Speaking of the childrearing days, my ex is 38 and our children are ages 9 and 11; is it unusual that she may be experiencing the mid life crisis with kids this age? It's not as though she is going to be totally free to sow her oats.


----------



## major misfit (Oct 17, 2010)

southbound said:


> Speaking of the childrearing days, my ex is 38 and our children are ages 9 and 11; is it unusual that she may be experiencing the mid life crisis with kids this age? It's not as though she is going to be totally free to sow her oats.


I wouldn't try to analyze your wife...there are too many possibles here. Maybe married life (and motherhood) aren't all she thought they were cracked up to be. Maybe she got bored and lonely. Anything is possible. I understand why you're trying to look back...but your wife is just one woman out of many. We're really not a "one size fits all" species, in spite of what someone might think. In all honesty I think if you keep trying to figure out what the heck happened, you're going to go nuts. I'd simply accept it for what it seemingly is, and go forward from here. I imagine none of this turned out the way you anticipated. But this is the hand you've been dealt. Play them well.


----------



## Freak On a Leash (Feb 19, 2010)

southbound said:


> Speaking of the childrearing days, my ex is 38 and our children are ages 9 and 11; is it unusual that she may be experiencing the mid life crisis with kids this age? It's not as though she is going to be totally free to sow her oats.


Well, maybe she's like me and just didn't take to early child rearing and wants a break. To be honest, I hated when my kids were really young. They were adorable of course and I loved them but I felt like I had a huge ball and chain attached to me and was like a bird in locked cage. Often I thought how nice it would be to go off on my own and just be single again. Only my love for my family kept me grounded. 
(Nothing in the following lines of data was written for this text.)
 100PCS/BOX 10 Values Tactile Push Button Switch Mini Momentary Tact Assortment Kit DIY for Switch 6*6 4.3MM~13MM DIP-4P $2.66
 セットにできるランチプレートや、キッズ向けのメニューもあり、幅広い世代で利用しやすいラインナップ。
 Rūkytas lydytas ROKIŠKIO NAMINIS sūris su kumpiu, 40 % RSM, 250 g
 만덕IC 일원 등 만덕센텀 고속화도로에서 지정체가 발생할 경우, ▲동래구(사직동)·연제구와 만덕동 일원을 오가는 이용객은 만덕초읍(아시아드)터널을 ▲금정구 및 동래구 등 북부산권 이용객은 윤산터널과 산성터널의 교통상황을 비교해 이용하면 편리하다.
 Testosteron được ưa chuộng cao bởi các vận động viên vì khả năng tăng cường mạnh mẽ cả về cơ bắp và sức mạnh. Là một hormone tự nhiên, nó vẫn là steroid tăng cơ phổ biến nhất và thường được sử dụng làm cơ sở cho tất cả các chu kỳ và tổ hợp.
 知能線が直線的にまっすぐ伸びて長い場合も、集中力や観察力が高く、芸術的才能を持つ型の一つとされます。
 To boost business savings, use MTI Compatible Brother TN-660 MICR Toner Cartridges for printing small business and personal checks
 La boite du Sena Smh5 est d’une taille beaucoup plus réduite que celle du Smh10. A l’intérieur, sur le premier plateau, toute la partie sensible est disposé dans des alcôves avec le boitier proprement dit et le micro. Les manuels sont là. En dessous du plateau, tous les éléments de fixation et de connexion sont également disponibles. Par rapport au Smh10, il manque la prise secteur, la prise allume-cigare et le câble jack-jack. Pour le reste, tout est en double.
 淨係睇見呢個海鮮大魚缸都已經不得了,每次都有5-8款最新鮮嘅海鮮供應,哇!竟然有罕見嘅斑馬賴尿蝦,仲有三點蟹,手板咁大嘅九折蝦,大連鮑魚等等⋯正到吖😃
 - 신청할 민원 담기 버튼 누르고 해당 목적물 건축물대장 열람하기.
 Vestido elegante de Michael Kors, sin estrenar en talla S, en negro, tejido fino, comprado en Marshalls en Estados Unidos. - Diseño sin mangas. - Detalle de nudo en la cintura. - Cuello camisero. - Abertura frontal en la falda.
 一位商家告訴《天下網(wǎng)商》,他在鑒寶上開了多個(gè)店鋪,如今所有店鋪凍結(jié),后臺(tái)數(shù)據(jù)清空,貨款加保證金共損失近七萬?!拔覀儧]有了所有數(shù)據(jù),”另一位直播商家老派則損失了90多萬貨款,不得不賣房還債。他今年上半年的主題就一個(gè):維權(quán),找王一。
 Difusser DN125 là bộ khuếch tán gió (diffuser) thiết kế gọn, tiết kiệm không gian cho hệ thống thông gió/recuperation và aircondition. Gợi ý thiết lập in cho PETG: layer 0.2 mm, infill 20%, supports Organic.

This was about 10 years ago and I was undergoing my own personal mental problems/crisis. My husband stepped in and did 90% of the child rearing and allowed me to do some crazy things in my 30s and early 40s. I raced and showed my car, took extensive road trips, partied with friends on vacation, etc, etc. He kept hoping I'd "get over it". 

I eventually did and for awhile we reconciled and all was great. Then HE fell into depression, alcoholism and perhaps is going thru a mid life crisis of his own in his late 40s. Now I'm the one rearing the children, working full time while he pretty much blows everything off. Payback's a beotch but I love my teenage kids and deal with them very well. If they were younger though....it would be a lot harder. I'd like to think that I'd have what it takes to do all this with youngsters but it would be a LOT harder, that's for sure. 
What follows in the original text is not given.